Publication Number: P3514
View as PDF: P3514.pdf

Cotton has the ability to recover from damage or fruit loss. However, the goal of any production system is to avoid delayed maturity and yield losses. Compensation for fruit loss is highly dependent on several factors:

  • Timing of damage
    • Vegetative versus reproductive stage
    • Early season (more time to recover) versus late season (less time to recover)
  • Length and severity of damage
    • How long did damage occur?
    • How severe was the damage?
  • Environmental conditions
    • Other stresses: weeds, pathogens, drought, nutrient deficiency, etc.
    • Fall weather: An extended period of warm weather in September and October can increase maturation of fruit on the upper and/or outer portions of the plant. On the other hand, early onset of cool weather can prevent fruit on upper and/or outer portions of the plant from maturing, thus negating the compensatory effect.

As the season progresses, the potential for insect damage increases and the time for crop recovery decreases. Thrips are the primary insect pest in seedling cotton; however, once the crop has moved into reproductive stages, tarnished plant bugs and bollworms become a greater concern (Figure 1).
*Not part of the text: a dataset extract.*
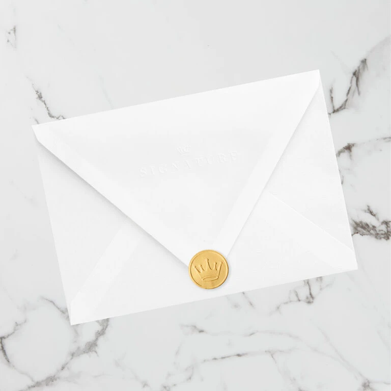 - Includes one card and one envelope with a Gold Crown seal. Envelope color may vary.
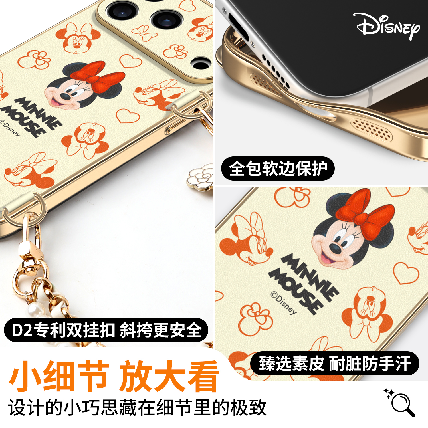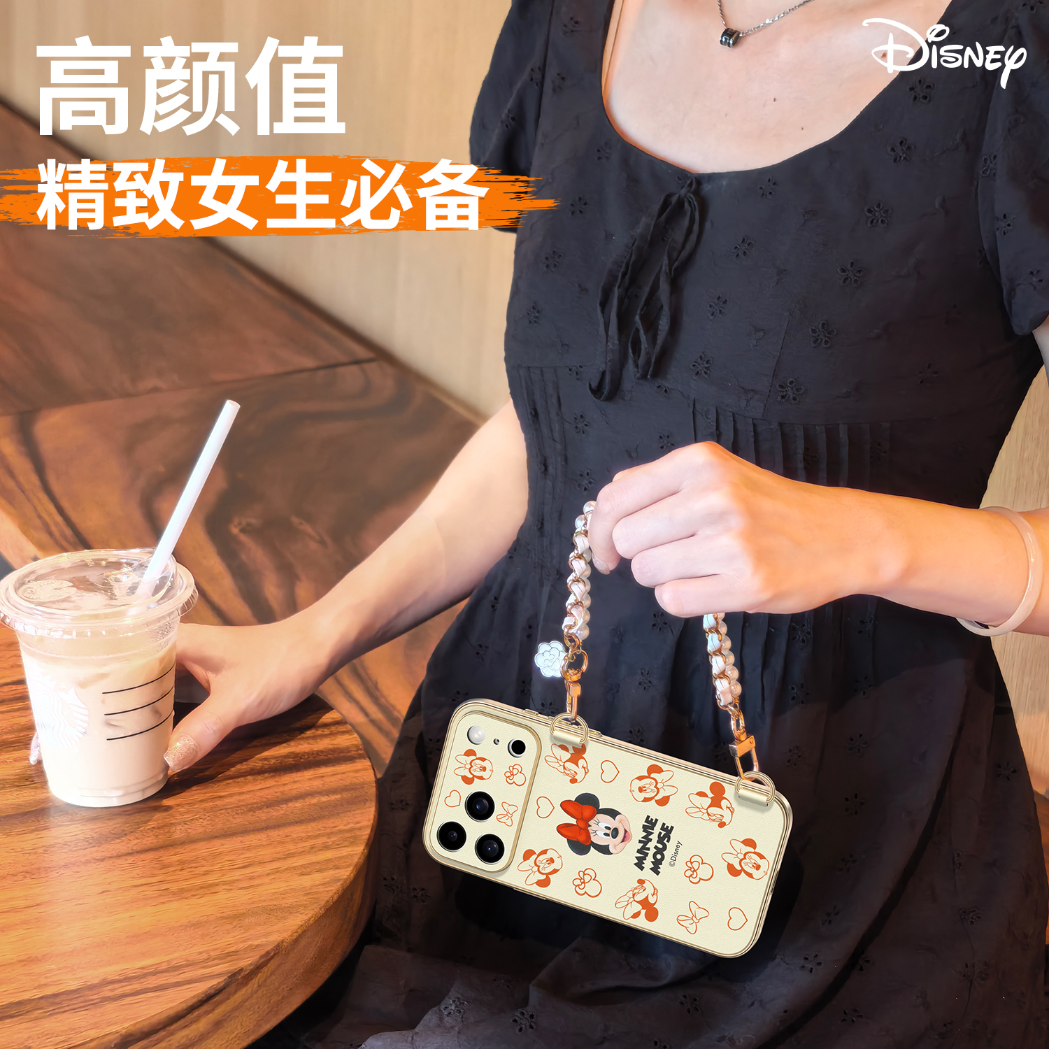 迪士尼正版适用苹果17pro手机壳2025新款橙色iPhone16promax带挂绳可斜挎15高级感防摔17pm系列标准版全包女

Both pests have the potential to be highly damaging, and they both occur later in the season when there is less time for compensatory fruit set.

 

Graphic shows that thrips are the primary concern from planting (about May 1) to first square (around June 1). Tarnished plant bugs and bollworms are a great concern from first flower (around July 1) through peak flower (around July 21), tapering off at cutout (around August 25).
Figure 1. Thrips are the primary insect pest in seedling cotton. Once the crop has moved into reproductive stages,
tarnished plant bugs and bollworms become a greater concern.

There are numerous examples of cotton fully compensating for insect damage and fruit loss with no impact on yield. Most crop scouts understand when to treat a pest population based on economic injury levels, but most do not fully understand how those decision levels are originally developed.

Economic threshold: 

The pest density at which management action should be taken to prevent an increasing pest population from reaching the economic injury level.
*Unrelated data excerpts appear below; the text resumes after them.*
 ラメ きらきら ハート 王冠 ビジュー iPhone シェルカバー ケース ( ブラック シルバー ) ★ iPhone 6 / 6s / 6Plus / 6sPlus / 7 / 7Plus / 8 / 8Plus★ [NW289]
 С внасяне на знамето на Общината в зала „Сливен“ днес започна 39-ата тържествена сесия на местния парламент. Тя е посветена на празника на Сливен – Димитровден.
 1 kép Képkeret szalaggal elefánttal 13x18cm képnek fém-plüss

Rigorous research on individual pests in a target crop leads to the development of the commonly used economic threshold (ET) and economic injury level (EIL). Factors evaluated include the cost of the insecticide, the market value of the crop, and the loss caused to the crop per individual pest. The amount of crop loss per individual pest often takes into account the ability of the crop to compensate. Once the EIL is determined, the ET is set below the EIL to prevent an increasing pest population from reaching the EIL (where economic loss will actually occur). Therefore, we can often sustain some level of pest injury and not suffer economic loss.

Economic injury level: 

The smallest number of insects (amount of injury) that will cause yield losses equal to the insect management costs.

However, many factors can affect a plant’s ability to compensate for injury, especially environmental conditions. While consultants, producers, and researchers are highly skilled at spotting insect pest damage, a biased opinion could result in unwarranted insecticide applications. This is why it is important to conduct a structured insect count to determine the crop’s percent damage.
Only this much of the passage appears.